Your task
Reproduce the lines below exactly, from the one containing "Each square in" through the one containing "S/N Arthur Shilstone", both included. Leave out any pictures.
***** Data extracts
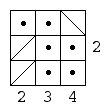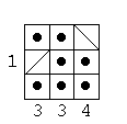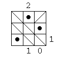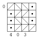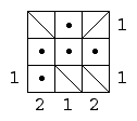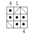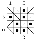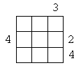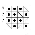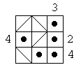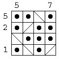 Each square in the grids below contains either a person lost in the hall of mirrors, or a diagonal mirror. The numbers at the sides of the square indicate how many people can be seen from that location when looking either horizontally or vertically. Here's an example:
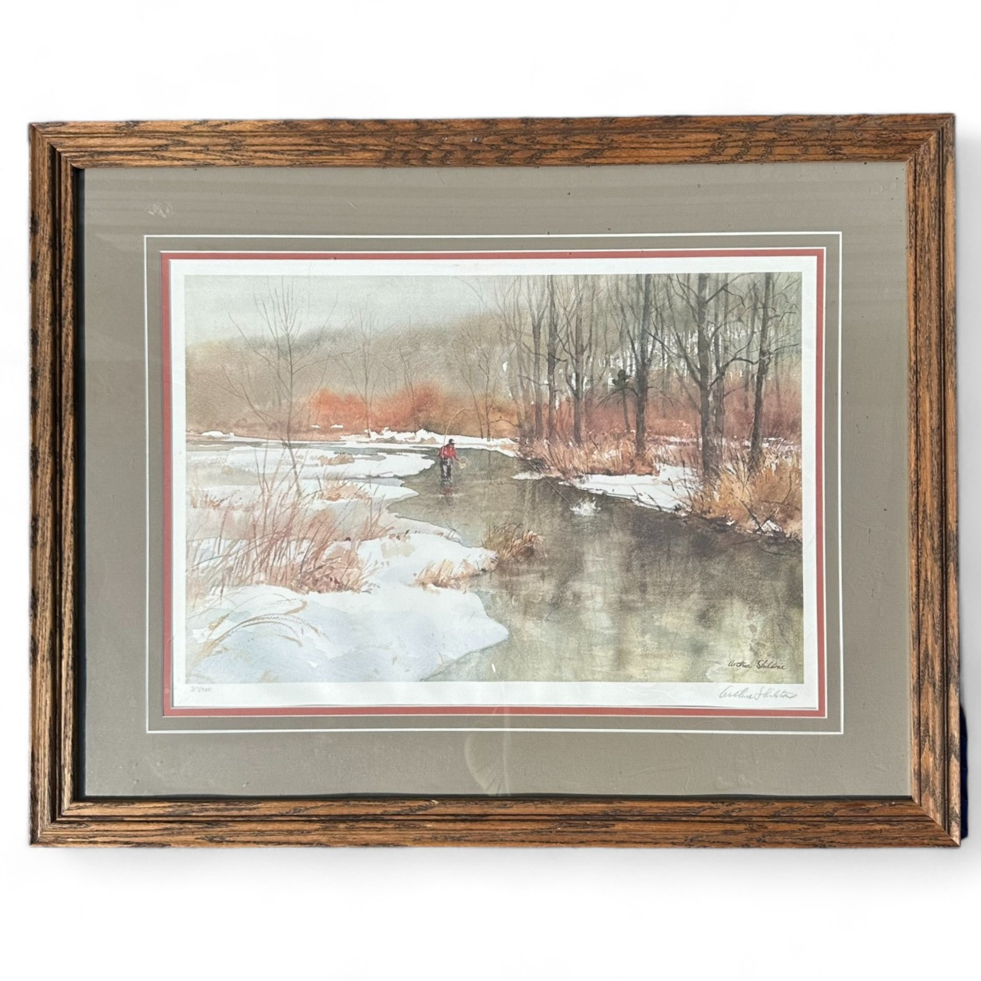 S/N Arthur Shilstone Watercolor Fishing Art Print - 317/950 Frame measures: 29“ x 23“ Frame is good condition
**********
***** Data extracts
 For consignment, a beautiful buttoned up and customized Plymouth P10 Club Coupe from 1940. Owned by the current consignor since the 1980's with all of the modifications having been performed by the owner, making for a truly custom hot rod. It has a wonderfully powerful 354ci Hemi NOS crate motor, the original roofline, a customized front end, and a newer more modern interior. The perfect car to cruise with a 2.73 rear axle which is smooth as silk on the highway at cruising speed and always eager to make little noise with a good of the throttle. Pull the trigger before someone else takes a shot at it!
**********
The answer
 Each square in the grids below contains either a person lost in the hall of mirrors, or a diagonal mirror. The numbers at the sides of the square indicate how many people can be seen from that location when looking either horizontally or vertically. Here's an example:
 S/N Arthur Shilstone Watercolor Fishing Art Print - 317/950 Frame measures: 29“ x 23“ Frame is good condition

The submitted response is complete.